И это не случайно. Ибо основной движущей силой романа – я здесь согласен с Анджеем Дравичем – было стремление выразить и обосновать идею внутренней свободы как основной человеческой ценности сквозь века[165]. Но это же относится и ко всему поэтическому логосу Пастернака.

«Я люблю Твой замысел упрямый…»

Время подвести некоторые теоретические итоги.

Итак, поэт не властвует над мipoм, не повелевает мipoм, но соучаствует и бытийствует в мipe и вместе с мipoм. И тем самым непринудительно способствует его собиранию, просветлению, ис-целению.

Об этом аспекте поэтического логоса Пастернака писал датский философ Петер Альберг Иенсен. По словам Иенсена, если следовать поэтическому и духовному опыту Пастернака, основу пастернаковской поэтологии можно было бы описать так.

Поэт не может выбирать начальные внешние обстоятельства и предпосылки своего существования и творчества.
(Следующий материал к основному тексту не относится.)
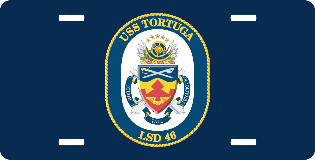 This Navy USS Tortuga LSD-46 License Plate is made from heavy gauge aluminum and has a baked enamel finish to last for many years of use. Each plate measures 5 15/16" x 11 15/16". This license plate would make a wonderful addition to your collection or a great gift.
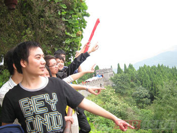 午飯后我(wo)(wo)(wo)們就趕向開往金(jin)龍長城的(de)(de)(de)班(ban)車。班(ban)車帶我(wo)(wo)(wo)們一(yi)路沖到(dao)長城腳下(xia)。看見這巍峨綿延(yan)的(de)(de)(de)長城,激發(fa)我(wo)(wo)(wo)們登(deng)上(shang)頂(ding)的(de)(de)(de)決心。攀登(deng)中(zhong),大(da)(da)家累(lei)了(le)(le)就相互攙扶,一(yi)路高歌斗志昂揚(yang)的(de)(de)(de)向前(qian)進。途中(zhong)路過(guo)寺廟,有(you)學員還專(zhuan)門(men)買了(le)(le)香去燒香拜(bai)佛(fo)了(le)(le)一(yi)番(fan)。還饒有(you)興致的(de)(de)(de)瞇眼摸前(qian)面(mian)那個(ge)大(da)(da)大(da)(da)的(de)(de)(de)佛(fo)字,看看是(shi)(shi)不(bu)是(shi)(shi)與佛(fo)有(you)緣(yuan)。當(dang)我(wo)(wo)(wo)們到(dao)達長城頂(ding)端的(de)(de)(de)時候,擺在我(wo)(wo)(wo)們面(mian)前(qian)的(de)(de)(de)是(shi)(shi)一(yi)個(ge)大(da)(da)大(da)(da)的(de)(de)(de)寺廟,掛滿了(le)(le)紅(hong)(hong)紅(hong)(hong)的(de)(de)(de)絲帶,寫(xie)著人們的(de)(de)(de)各種小(xiao)愿望小(xiao)心情。當(dang)然我(wo)(wo)(wo)們這群環抱夢(meng)想的(de)(de)(de)小(xiao)青年們也寫(xie)下(xia)了(le)(le)自己的(de)(de)(de)愿望和想法(fa)。

Однако в скрещения этих предпосылок и обстоятельств он вольно или невольно выбирает самого себя и уже через свой творческий выбор, через реализацию этого выбора в поэтическом слове тем самым зачинает новые предпосылки и обстоятельства как своей собственной, так и всечеловеческой жизни[166].

Осмысливая польские культурные традиции, переводя Словацкого, Лесьмяна[167], Броневского, вникая в ритмы и смыслы польской романтической культуры, Пастернак не ставил перед собой никаких исследовательских, интерпретаторских или антологических задач[168]. Поэтический логос Пастернака вполне самостоятелен. Осознанно самостоятелен. И польские штудии были для Пастернака, по словам Северина Полляка, лишь «трамплином для собственного мipопонимания»[169].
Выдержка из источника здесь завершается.